A self-injection syringe 10 is shown in FIG. 1 in its initial state corresponding to its state of storage before use. It comprises an injection cartridge 12 according to the invention and an external housing 14 in which the cartridge is mounted.

The injection cartridge 12 comprises a substantially cylindrical tube 16. The interior surface of the tube is generally cylindrical with a circular section. In its median part, the tube has a median section 18 where its inner surface has a profile delimiting at least one flow passage allowing the extemporaneous mixing of two initially separate substances contained in the tube.

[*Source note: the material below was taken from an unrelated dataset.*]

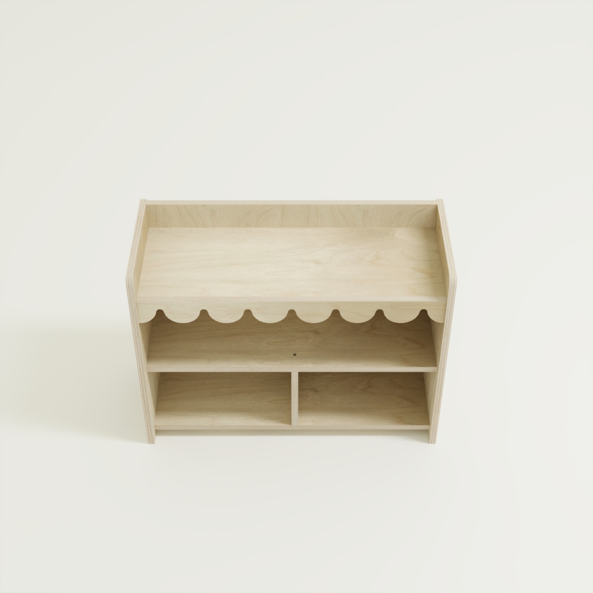 Gefertigt aus robustem Birke-Sperrholz, bietet dieses Regal hohe Stabilität bei natürlichem Aussehen. Die Oberflächen sind besonders glatt geschliffen, um eine sichere Nutzung für kleine Entdecker zu garantieren. Es ist so konzipiert, dass es die Selbstständigkeit nach dem Montessori-Prinzip fördert, indem alle Gegenstände auf Augenhöhe des Kindes platziert werden.

The median section 18 is bordered on either side by sections with a smooth cylindrical inner surface devoid of projecting or hollow profiles.

As illustrated in Figures 2 to 4, the section 18 has a set of ribs 20 extending parallel to each other along generatrices of the tube. These ribs 20 protrude from the inner cylindrical surface of the tube. They define between them parallel channels 22 forming passages for the flow of a fluid.

The ends of the ribs facing the rear of the tube have a chamfer 24 visible in FIG. 3.

The ribs are distributed regularly over the inner periphery of the tube.

Two successive ribs are spaced approximately 18 ° apart. The height of each rib is of the order of 0.3 mm, the diameter of the tube being approximately 12 mm. These ribs are approximately 8.5 mm long. The tube 16 is advantageously made of injected plastic. To do this, a mold is used which defines a generally cylindrical cavity. Along the axis of the cavity are initially arranged two cylindrical pins placed end to end. These pins form a core capable of delimiting the tubular conduit formed inside the tube 16. One of the pins has at its end grooves extending parallel to each other along generatrices. These grooves are adapted to form the ribs 20 formed on the interior surface of the tube 16.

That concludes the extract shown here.